Q1 result: Given that budget carrier SpiceJet, as per analysts' expectations, is most likely report net loss for April-June quarter of FY22 (Q1FY22), all eyes are now on the airline’s fundraising plans as well as growth in the cargo business during the Covid-hit period, when it reports its Q1 result on Friday, August 13.

“Same as IndiGo, the key focus would be around its liquidity. The company has almost no liquidity and ended the quarter to March (Q4FY21) with free cash of only Rs 35.5 crore and restricted cash of Rs 140 crore.

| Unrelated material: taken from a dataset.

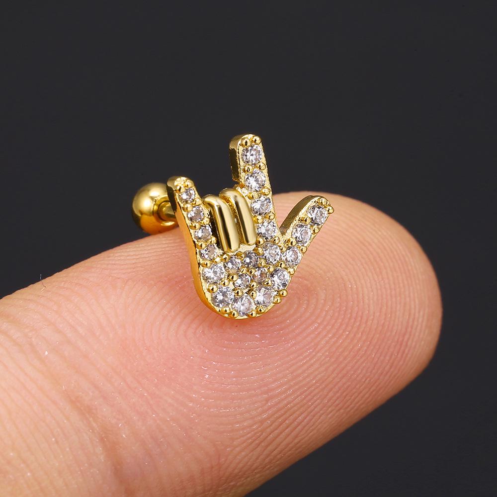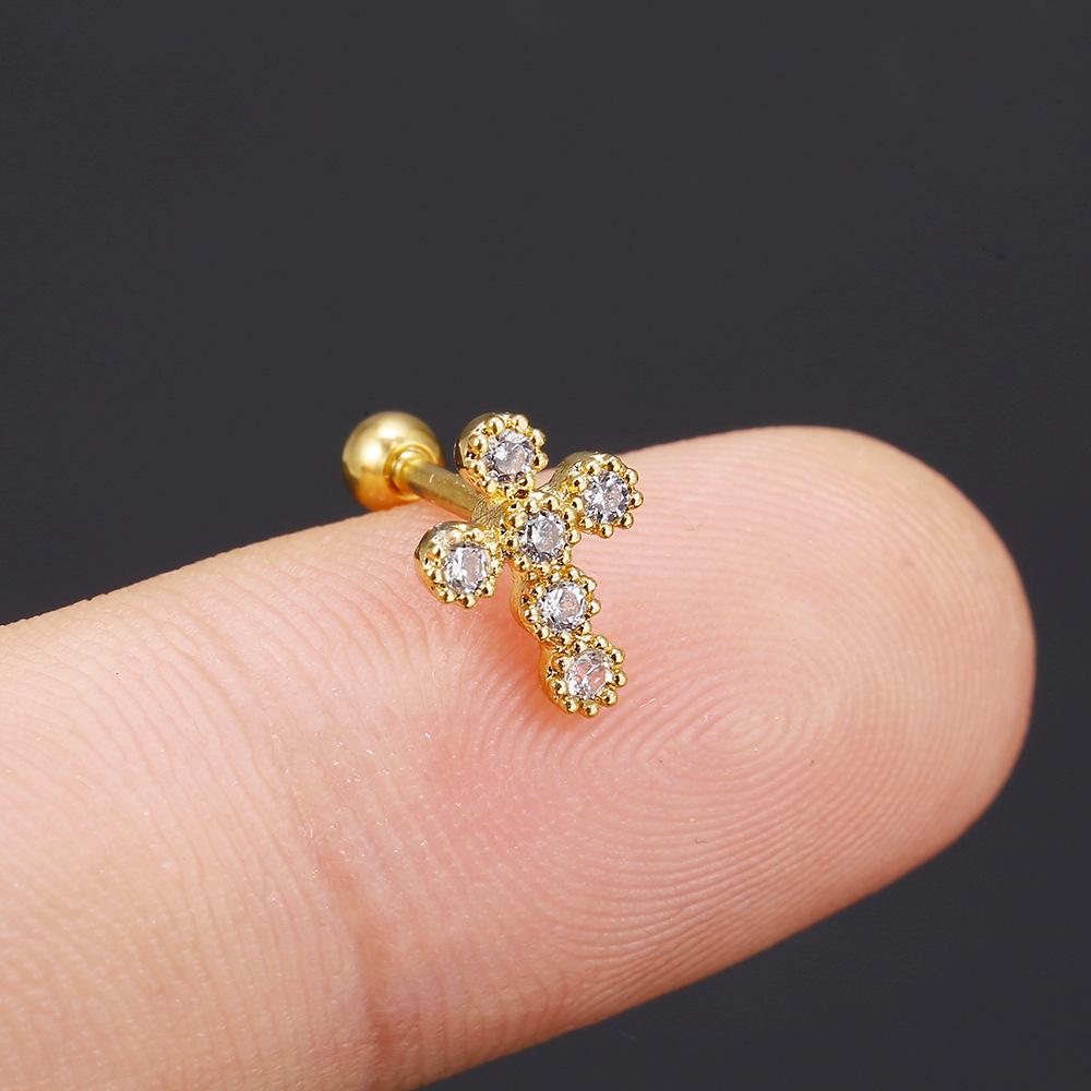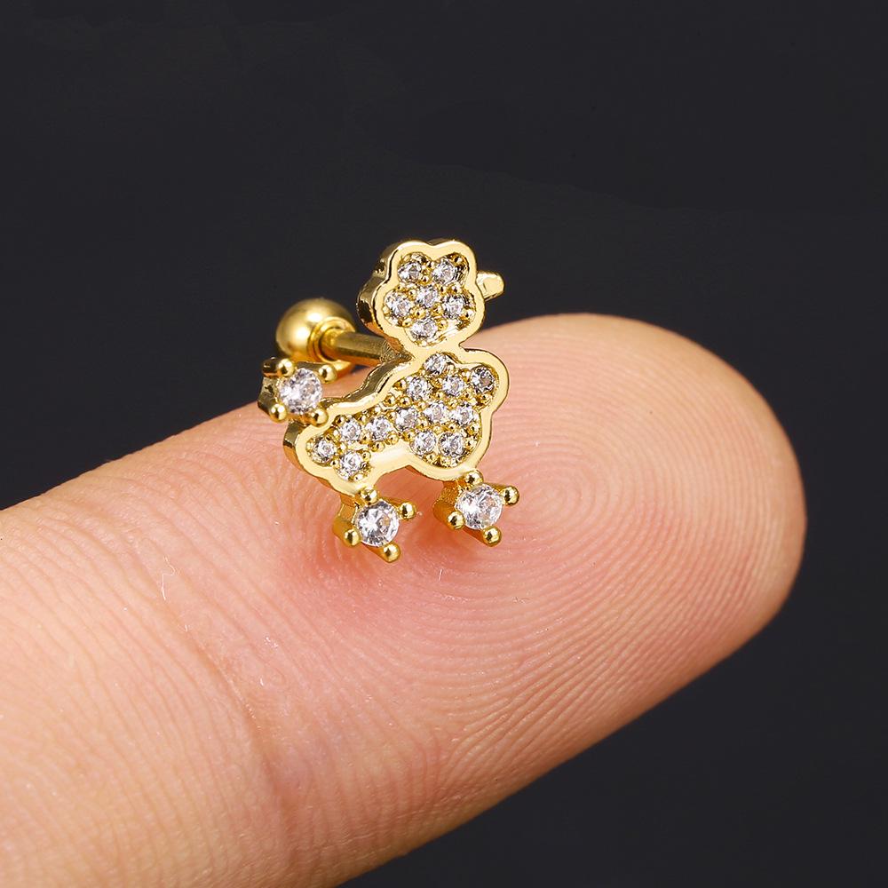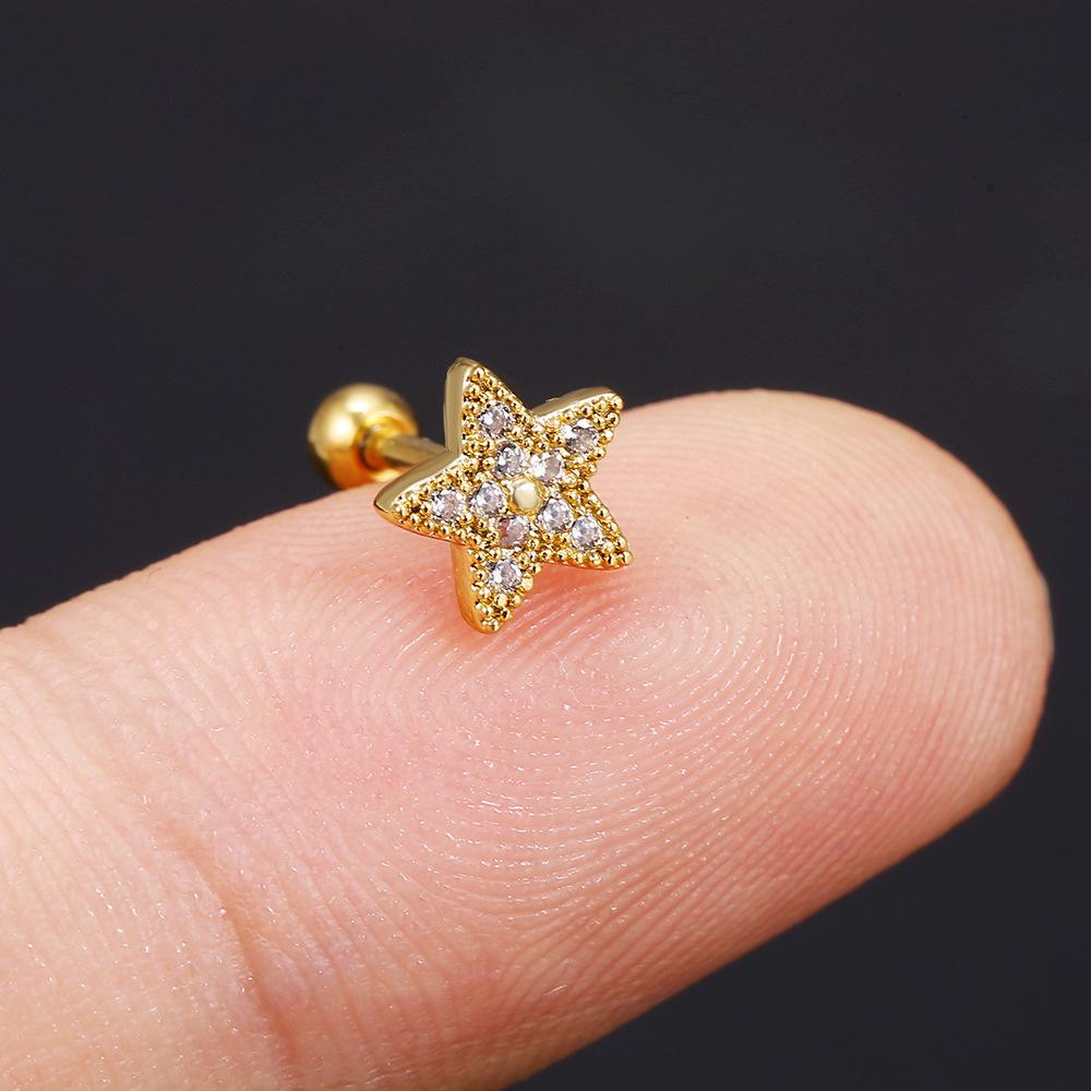 Позолоченные креативные серьги-винты с микроинкрустацией цирконием

However, the similar kind of situation has been there for the last 18 months and yet, the company has not only managed to survive, but it has increased the size of its cargo operations,” noted analysts at HSBC in a preview report.

Cash and debt position

Analysts believe the Ajay Singh-controlled airline has several avenues to raise fresh liquidity. To begin with, it is planning to sell its stake in the cargo business. Further, it is also expecting compensation from Boeing for the grounded Max 737 planes. In addition, the board of has also approved to raise Rs 2,500 crore via qualified institutional placement (QIP).

“We would like to understand how the company plans to strengthen its balance sheet and improve its equity position, which was negative Rs 2,600 crore at the end of March 2021. We would expect some discussions around the trading environment in passenger and cargo business and its growth plan for the cargo business, network plans, update on international operations and finally the cost evolution over FY22, especially employee cost as the company has launched flexible pay (work and pay,” said HSBC’s report.

currently sits on a debt pile of approximately Rs 3,000-3,500 crore, of which Rs 1,000 crore is on the balance sheet and Rs 2,000-2,500 crore is from the deferred leases.

Earnings projection

Analysts expect SpiceJet’s net loss to widen sequentially in Q1FY22 mainly due to sharp fall in traffic, rise in aviation turbine fuel (ATF) prices and rupee depreciation.

Those at HSBC, for instance, expect SpiceJet to report a net loss of Rs 740 crore for the quarter, higher than net loss of Rs 593.4 crore reported in the June quarter of FY21 (Q1FY21) and Rs 235 crore incurred in Q4FY21.

“We forecast yield per revenue passenger kilometre (RPK) to decline by 35.8 per cent YoY since the yield in Q1 last year was positively impacted by charter operations and international operations under bubble agreements. However, we think the revenue per available seat kilometre (RASK) would be down by 38 per cent due to the lower load factor,” it said in its report.

However, the airline’s revenue, it said, may soar 105 per cent on year to Rs 1,066.2 crore from Rs 514.6 crore. Sequentially, though, it may plunge from Rs 1,877.1 crore.

On the other hand, Centrum Broking has pegged the net loss at Rs 490 crore, factoring in forex mark-to-market (MTM) loss of Rs 150 crore in Q1FY22 compared with forex gain of Rs 23.8 crore in Q4FY21 due to depreciation in rupee against the US dollar.

“Having said that, we expect the cargo performance to improve even further in Q1FY22. We have factored cargo revenue of Rs 610 crore, given the strong cargo demand and SpiceJet’s focus to grow the business. We estimate adjusted RASK (ex-freighter, finance income and 737 Max claim accrual) at Rs 3.11 (flat QoQ). We expect revenue to decline 59 per cent QoQ to Rs 1,334.2 crore with Ebitdar of Rs10 crore in Q1FY22,” it said.

Meanwhile, the stock has lost 37 per cent from its 52-week high of Rs 108 per share, hit on December 11, 2020. So far in the current calendar year, it has slipped 28.4 per cent on the BSE as against a 14.5 per cent rally in the benchmark S&P BSE Sensex.